*** Information provided

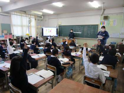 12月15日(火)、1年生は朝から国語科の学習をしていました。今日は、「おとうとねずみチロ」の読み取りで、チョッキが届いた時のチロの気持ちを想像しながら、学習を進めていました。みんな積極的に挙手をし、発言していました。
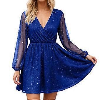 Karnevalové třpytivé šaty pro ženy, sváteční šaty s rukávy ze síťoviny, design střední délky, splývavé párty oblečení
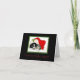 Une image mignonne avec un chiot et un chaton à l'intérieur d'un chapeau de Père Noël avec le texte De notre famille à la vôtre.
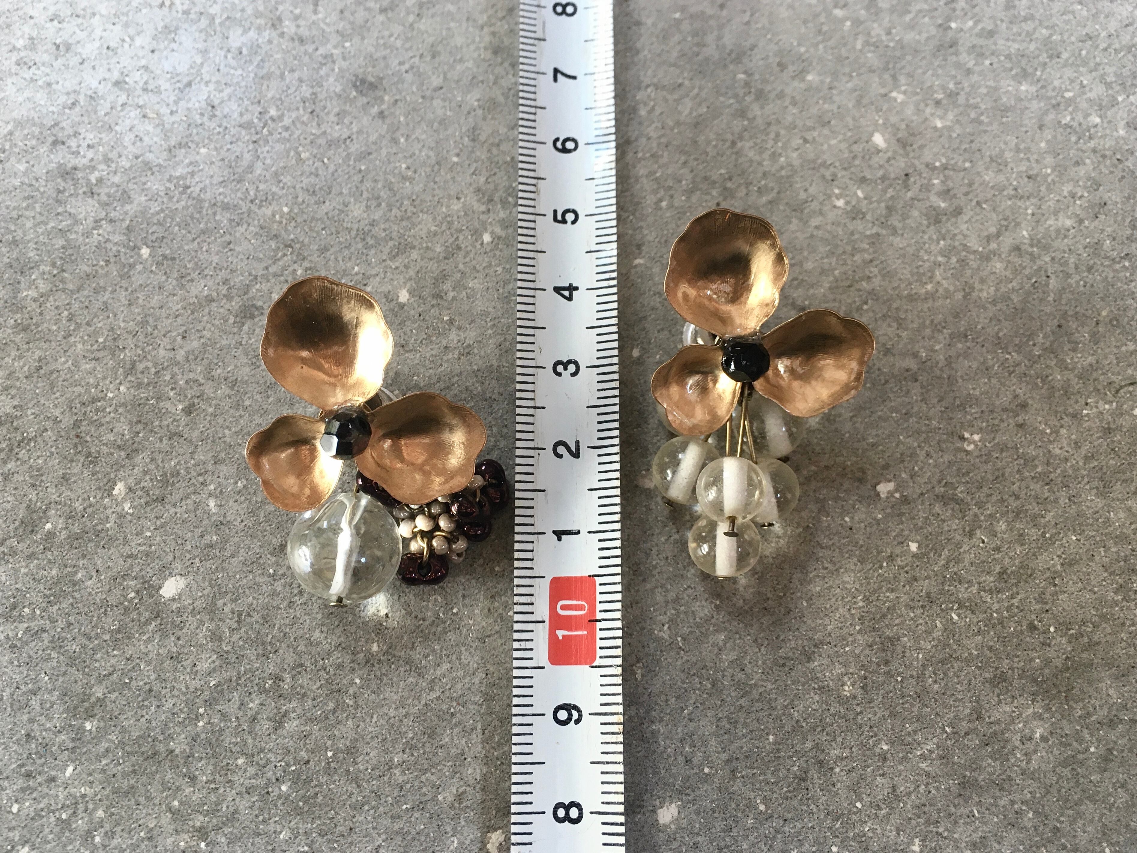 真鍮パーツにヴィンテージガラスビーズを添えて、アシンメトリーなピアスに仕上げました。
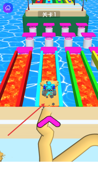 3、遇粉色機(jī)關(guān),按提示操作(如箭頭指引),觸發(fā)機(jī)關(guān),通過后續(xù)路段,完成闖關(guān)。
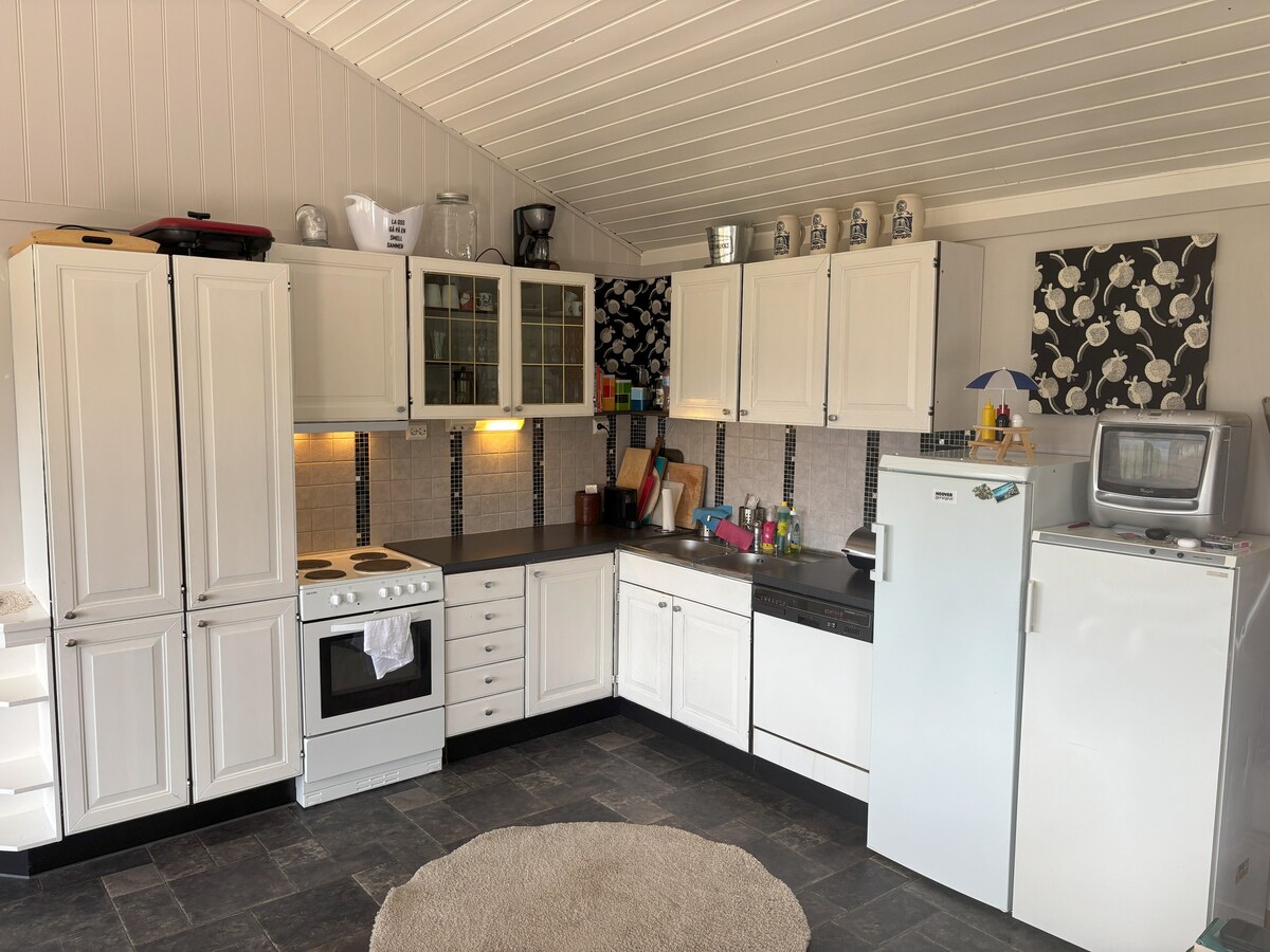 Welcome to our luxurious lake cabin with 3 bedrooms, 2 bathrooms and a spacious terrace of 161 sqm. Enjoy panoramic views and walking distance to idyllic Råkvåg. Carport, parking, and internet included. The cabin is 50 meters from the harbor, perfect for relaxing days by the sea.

******

→ **Directions for this task**
Copy nothing but the lines above from the one with "Karnevalové třpytivé šaty" to the one with "3、遇粉色機(jī)關(gu", inclusive, word for word. Leave every picture out.

→ **Output of the exercise**
 Karnevalové třpytivé šaty pro ženy, sváteční šaty s rukávy ze síťoviny, design střední délky, splývavé párty oblečení
 Une image mignonne avec un chiot et un chaton à l'intérieur d'un chapeau de Père Noël avec le texte De notre famille à la vôtre.
 真鍮パーツにヴィンテージガラスビーズを添えて、アシンメトリーなピアスに仕上げました。
 3、遇粉色機(jī)關(guān),按提示操作(如箭頭指引),觸發(fā)機(jī)關(guān),通過后續(xù)路段,完成闖關(guān)。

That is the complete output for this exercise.